Data listing
*** Begin section ***

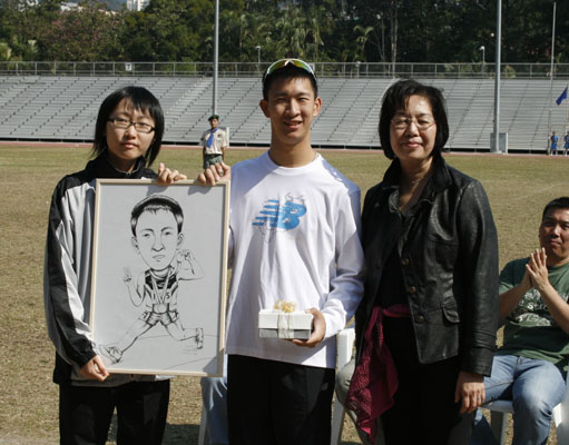 圖:蘇樺偉(中)獲該校贈送紀念品(本報攝)
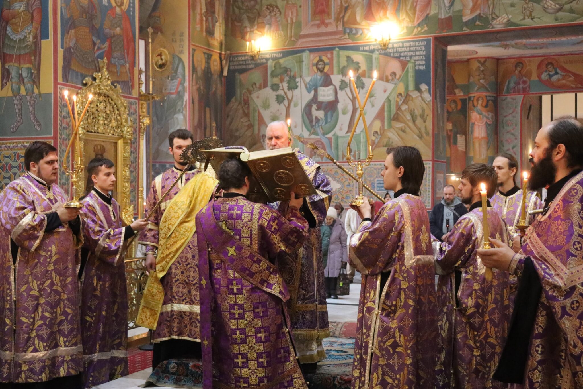 Вечером 28 марта 2026 года, в канун 5-й Недели Великого поста, митрополит Калужский и Боровский Климент всенощное бдение в Свято-Троицком кафедральном соборе города Калуги.
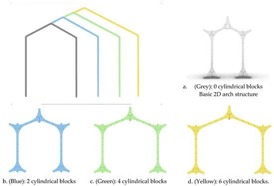 This section aims to propose an arch structural system by exploring various examples of potential assemblies, ranging from simple to more extended structures, using basic modules. The basic 2D arch structure and the modifications needed in order to extend its span are illustrated in Figure 7 (a flowchart of the production of the geometrical blocks and the basic structure). As shown, the arch is assembled by connecting geometric joint blocks with cylindrical blocks. To adjust the dimensions, additional cylindrical blocks can be added, allowing for an increase in the opening and, possibly, the height of the arch.
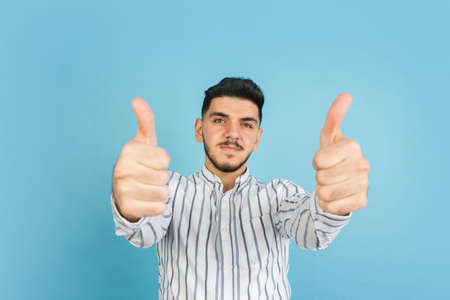 Young mans portrait on blue studio background. Concept of human emotions, facial expression, youth, sales, ad.
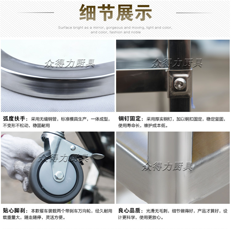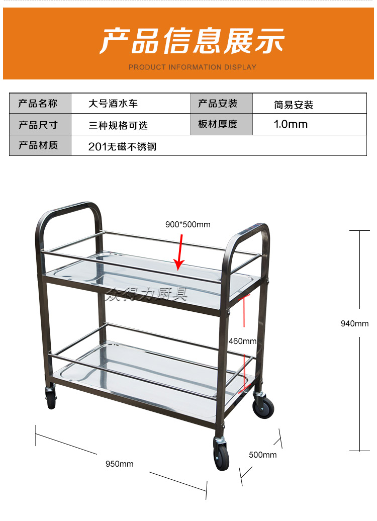 江西眾得力廚具有限公司生產(chǎn)銷(xiāo)售食品機(jī)械,商用廚具系列中央廚房設(shè)備,為客戶(hù)提供廚房整體解決方案。我司生產(chǎn)銷(xiāo)售的酒水車(chē)有大、中、小三種規(guī)格,采用201無(wú)磁不銹鋼設(shè)計(jì)。外形美觀大方,結(jié)實(shí)耐用。深受餐飲酒店客戶(hù)青睞
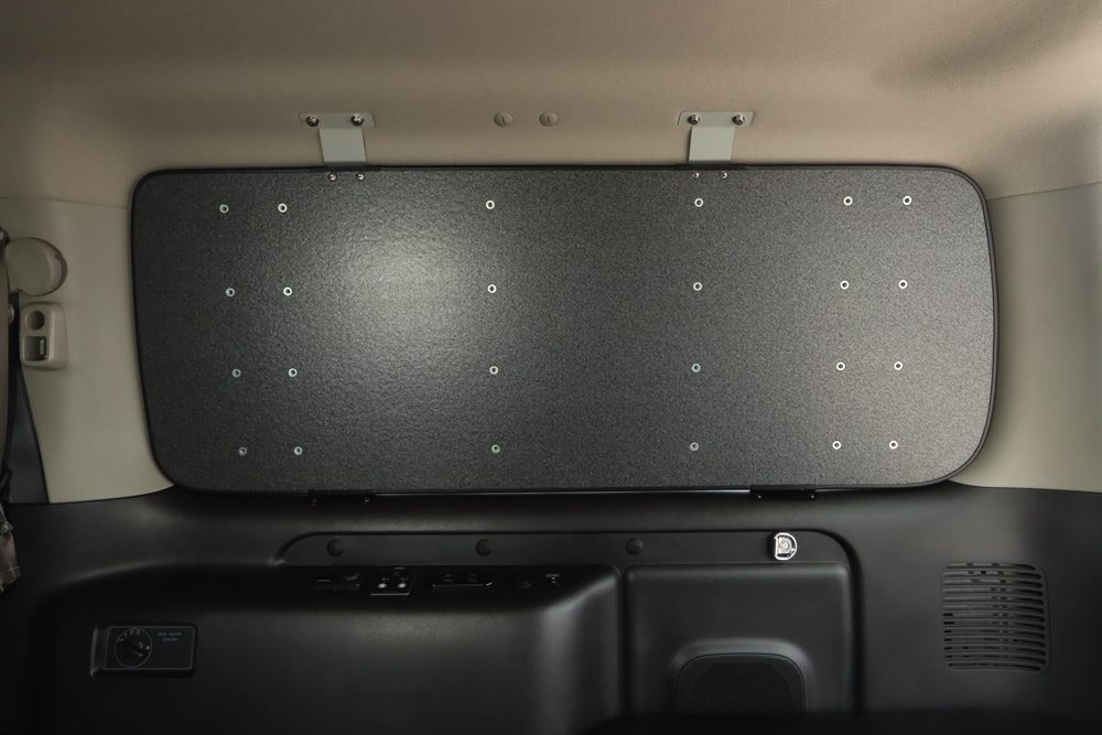 運転席側のリアウィンドウにはESウィンドウパネルを装着。窓の保護としての役割があり、バイクを積載する際にハンドルを窓にぶつけてしまっても安心。パネルにはナットが埋め込まれているのでオプションパーツなどでカスタムすることも可能です。

*** End section ***

What to do
Every line from the start of the material through the line containing "Вечером 28 марта" is needed exactly as written; the pictures are not.

Response to this task
 圖:蘇樺偉(中)獲該校贈送紀念品(本報攝)
 Вечером 28 марта 2026 года, в канун 5-й Недели Великого поста, митрополит Калужский и Боровский Климент всенощное бдение в Свято-Троицком кафедральном соборе города Калуги.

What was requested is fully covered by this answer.